So I pulled out an old knife and thought, How hard can this be? As it turned out, digging 12 inches into the dirt might as well have been muscling to the center of the earth when you’re using a dull kitchen blade. By the time I was ready to drop the final bulb in the ground, my arms were aching and my knees and hands were caked with dirt, but I was feeling pretty satisfied.

Then I took my first real look at the brown, dead-looking thing in my palm. I’d seen plenty of daffodils in the past, and presumably they’d all started out this way, but suddenly I was assailed by doubts. How could something that looked like a rotting turnip be transformed into a sunny, yellow flower? But with a shrug I put the last bulb in the dirt and went inside to retire the now-worthless knife.

I promptly forgot about my little gardening experiment…until the next April.
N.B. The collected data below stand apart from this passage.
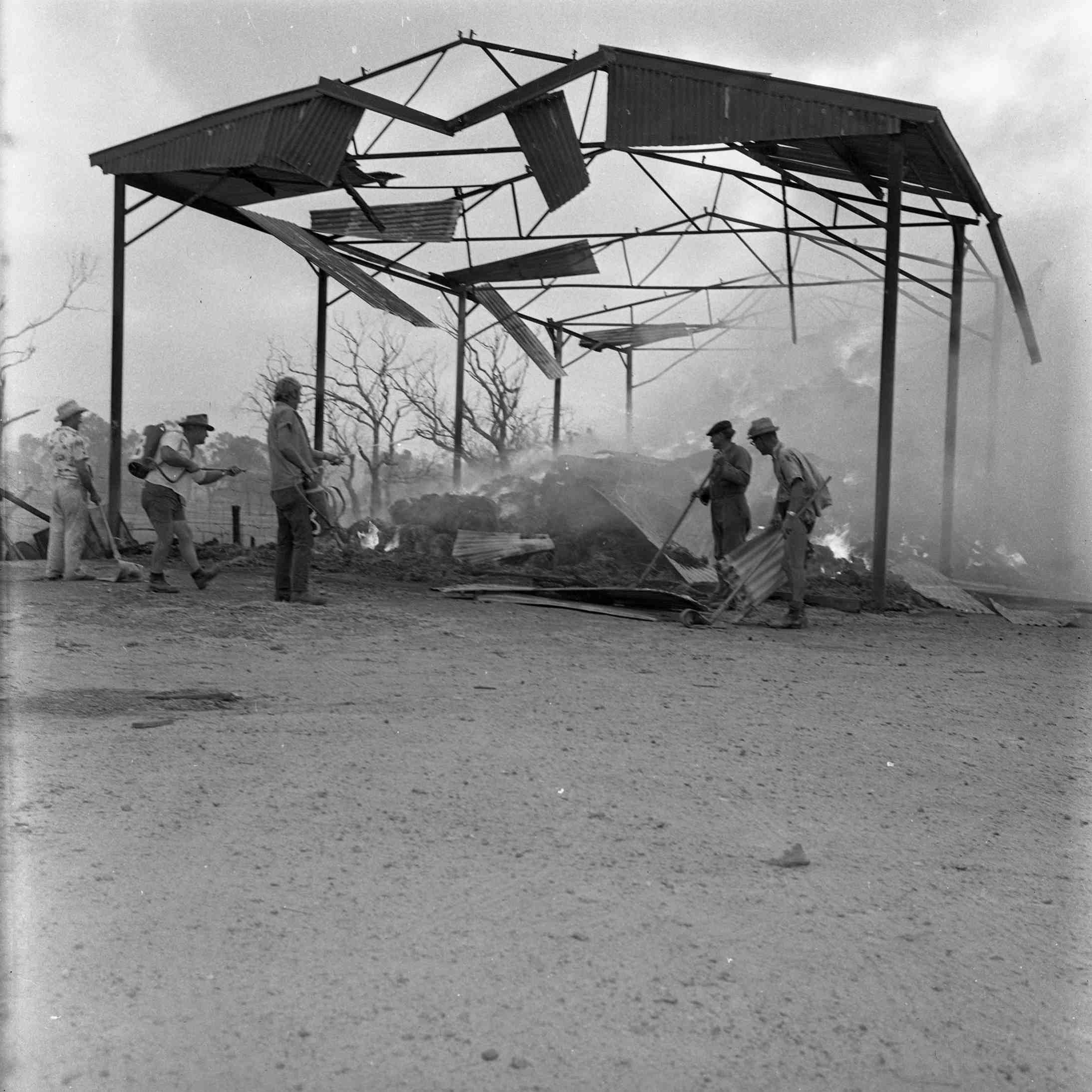 Men with firefighting equipment at a burnt out shed frame.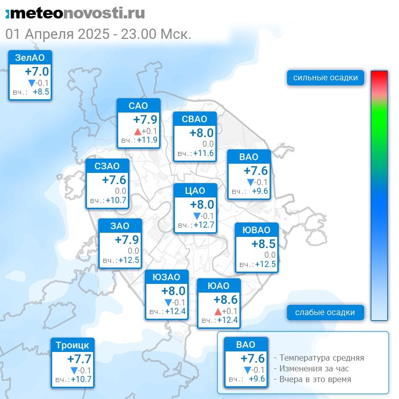 В 23:00 в Москве было от +6.8°C до +9°C, средняя температура +7.9°C #погода #Москва #весна #температура #1апреля #вторник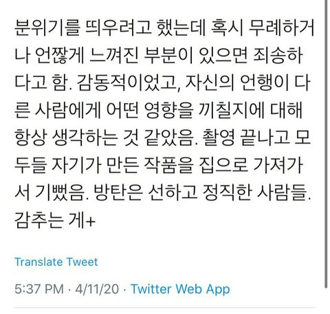 촬영이 끝나고 이렇게 말했다고...
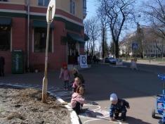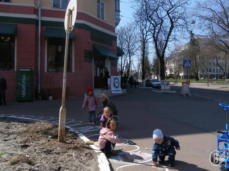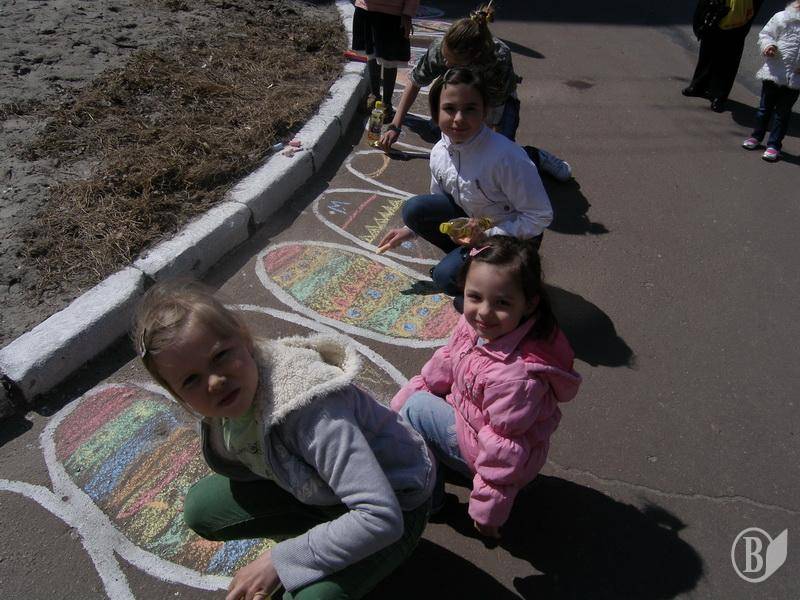 Далі гості події могли за бажанням продовжити розпис або на традиційному матеріалі, або на повітряних кульках, або ж зробити малюнок на асфальті. Останній варіант користався особливою популярністю серед наймолодших учасників, котрими був розмальований асфальт біля клумби квітів поруч із місцем проведення акції.

One day I looked out my back window, and to my surprise, a small but tenacious sprout was trying to poke its head out of the cold, unforgiving earth.

Isn’t that a picture of what God does with our lives too? To a casual observer, we look dead, ugly, hopeless. But God doesn’t give up on us. During those seasons when we’re all but buried, when it looks like Satan has won after all—that’s precisely when God does his best redemptive work. He uses those months under the cover of soil to build us up, make us strong, prepare us for who he wants us to be.

And when the first hint of spring arrives, we will stick out our heads, tentatively at first, and then with increasing boldness. As our faces open to the Son, he will transform us. From despair to hope. From death to new life.

And we, turnipy-looking things that we are, will be a tangible display of his glorious grace.